The invention provides a method for inhibiting methanogenesis of anaerobic methanogenic mixed bacteria, which is characterized in that sodium chloride and acetic acid are added into a culture medium, so that the inhibition effect on the methanogenesis is good, and the inhibition effect is durable.

Description

Method for inhibiting anaerobic methanogenesis mixed bacteria to produce methane
Technical Field
The invention relates to a method for inhibiting anaerobic methanogenesis mixed bacteria from producing methane, belonging to the technical field of microorganisms.
Background
The degradation process of organic waste in mixed bacteria anaerobic fermentation can be divided into four stages, namely hydrolysis, acidification, acetogenesis and methanogenesis. After methanogenesis is inhibited, Volatile Fatty Acids (VFAs) such as acetate, propionate and butyrate accumulate significantly during the metabolism of acid forming bacteria. VFAs are important chemical precursors. Conventional methods of inhibiting methanogenic activity include heat treatment and nonspecific/specific inhibitors. After heat treatment, non-spore forming microorganisms are killed, while some spore forming bacteria, such as clostridiaceae and thermoanaerobes, may survive. However, heat treatment can only temporarily inhibit methanogenic mixed bacteria. In addition, 2-bromoethanol sulfonate (BES) is another specific inhibitor of methanogenesis. However, BES can be consumed by several microorganisms in mixed anaerobic fermentation, and if not enough BES is available, methanogenic mixed bacteria will be reactivated. Furthermore, the high cost of BES limits its industrial application. Therefore, it remains necessary to explore effective and inexpensive methods for inhibiting methanogenesis.
Disclosure of Invention
The invention provides a method for inhibiting anaerobic methanogenic mixed bacteria from producing methane, which can effectively solve the problems.
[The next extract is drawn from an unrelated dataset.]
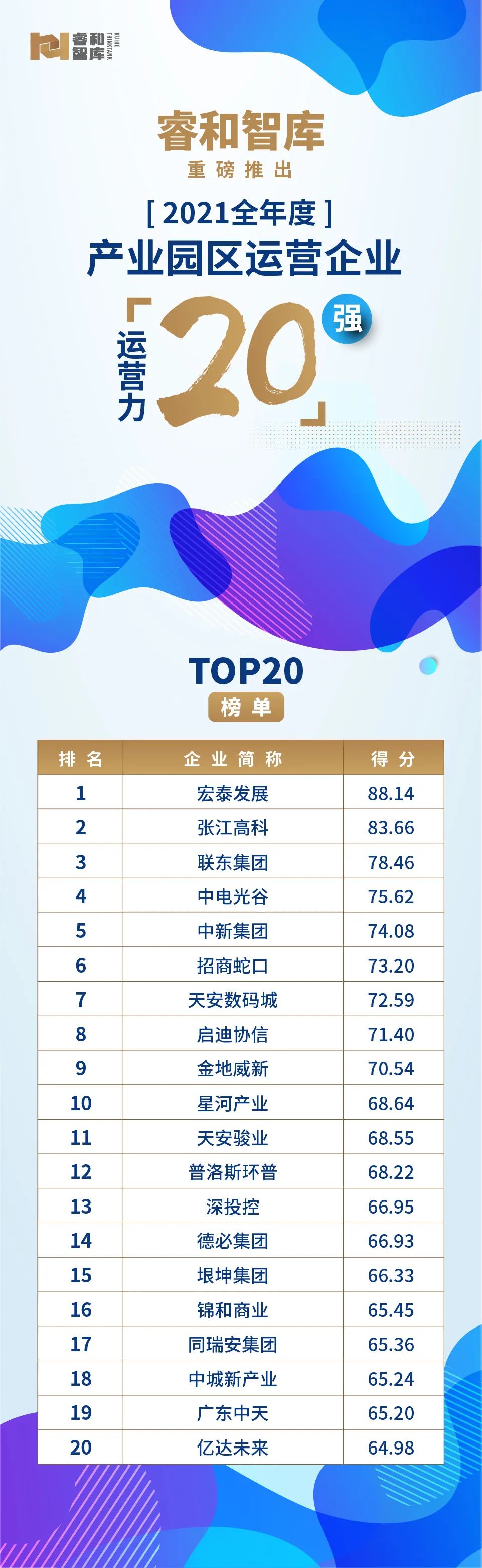 睿和智庫研究部通過對眾多產業園區企業的長期跟蹤與研究,推出“2021全年度產業園區運營企業運營力20強榜單”,力圖從管理規模、項目布局、資管水平等多方面解讀其運營力表現,并對產業地產相關行業發展動態進行分析,以資借鑒。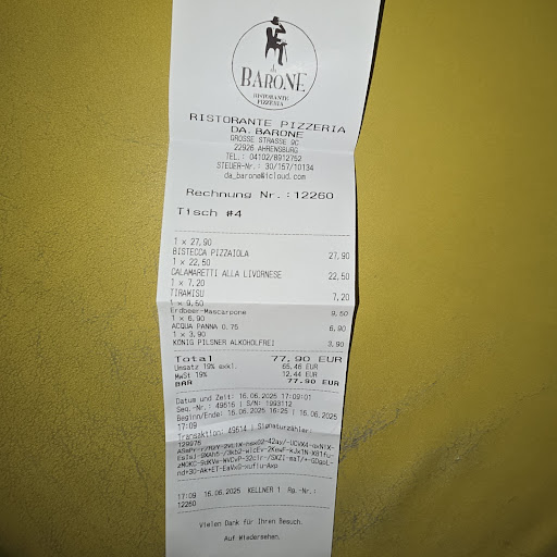 Am 16.6.25 besuchten wir wieder dieses Restaurant, das ich seit Eröffnung diverse Male besucht habe. Insofern kann ich die Entwicklung und den Werdegang bestens beurteilen. In der Küche hat es vor einiger Zeit einen Wechsel gegeben, der leider nicht zum Vorteil gereicht hat. Die Herrentoilette wurde renoviert, wobei ein nrues Urinal seit mehreren Monaten einen Riss hat, aber nicht ausgewechselt wurde. Das ist jedoch unwichtig. Wichtig ist der Geschmack der Gerichte, die Zubereitung und die Präsentation. Beim Service gibt es auch wieder Veränderungen. Auch die alten Inhaber haben wir seit Monaten nicht mehr gesehen. Heute bestellten wir " Bistecca Pizzaiola", 27,90 €, Calamaretti Alla Livornese, 22,50 €, Tiramisu, 7,20 €, Erdbeer Mascarpone, 9,50 €, Mineralwasser Aqua Panna, 0,75 l = 6,90 € und 1 Glas kleines alkoholfreies Bier, König Pilsener, 3,90 €.

The invention is realized by the following steps:
the invention provides a method for inhibiting methanogenesis of anaerobic methanogenic mixed bacteria, which adds sodium chloride and acetic acid into a culture medium.
As a further improvement, the method for inhibiting methanogenesis of the anaerobic methanogenic mixed bacteria comprises the following steps:
s1: taking sludge, sieving with an iron sieve, suspending with a culture medium, uniformly mixing by oscillation, centrifuging to remove supernatant, and repeating the above operations for a plurality of times;
s2: inoculating the sludge obtained in the step S1 into a culture bottle, adding a culture medium, sealing the culture bottle, vacuumizing, introducing a mixed gas of hydrogen and carbon dioxide into the culture bottle with the vacuum degree below-0.1 Mpa, putting the culture bottle into a constant-temperature incubator, culturing for 15-30 days under the conditions that the temperature is 34-36 ℃ and the rotating speed is 110-130 rpm, and carrying out methanogenic mixed bacteria enrichment;
s3: and (3) inoculating the methanogenic mixed bacteria enriched in the step S2 into a container filled with a culture medium, wherein the inoculation amount is 1-2g/L, aerating for 10-30 min by using nitrogen, adding sodium chloride and acetic acid into the culture medium, sealing the container, vacuumizing, introducing mixed gas of hydrogen and carbon dioxide, and culturing for 2-7 days at the temperature of 34-36 ℃ and the rotating speed of 110-130 rpm, wherein the vacuum degree is below-0.1 Mpa.
As a further improvement, the sludge is anaerobic fermentation sludge of a sewage plant.
As a further improvement, in step S1, the iron screen is a 200-mesh iron screen.
In a further improvement, in step S1, the centrifugation is 7500-8500 rpm centrifugation for 4-6 min.
As a further improvement, the formula of the culture medium is NH4Cl 450-550 mg/L; KH2PO 4180-220 mg/L; na2SO 445-55 mg/L; KCl 45-55 mg/L; CaCl 25-15 mg/L; 60-80 mg/L of MgCl2.6H2O; 0.5-1.0 mg/L of MnCl2.4H2O; CoCl2.2H2O 1-1.5 mg/L; FeSO4.7H2O 3.0-4.0 mg/L; 30.1-1.0 mg/L of AlCl; 0.05-0.15 mg/L of NaMO4.2H2O; H3BO30.1-0.3 mg/L; 0.4-0.6 mg/L of NiCl2.6H2O; 1.0-1.5 mg/L of CuCl2.2H2O; ZnSO4.2H2O 3.0-3.5 mg/L; EDTA-2Na 2.0-4.0 mg/L; 1.0-3.0 mg/L of biotin; 1.0-3.0 mg/L of folic acid; vitamin B65-15 mg/L; 2.0-8.0 mg/L riboflavin; vitamin B is 12.0-6.0 mg/L; 3.0-8.0 mg/L of niacin; 3.0-8.0 mg/L of pantothenic acid; vitamin B is 120.05-0.15 mg/L; 2.0-8.0 mg/L of 4-aminobenzoic acid; 2.0-8.0 mg/L of lipoicic acid.
According to a further improvement, the volume ratio of hydrogen to carbon dioxide in the mixed gas of hydrogen and carbon dioxide is 75-85%: 15 to 25 percent.
As a further improvement, the anaerobic methanogenic mixed strain is a hydrogenophilic methanogenic mixed strain.
As a further improvement, the mass percentage of the sodium chloride in the culture medium is 1-15%.
As a further improvement, the concentration of the acetic acid in the culture medium is 0.01-4 g/L.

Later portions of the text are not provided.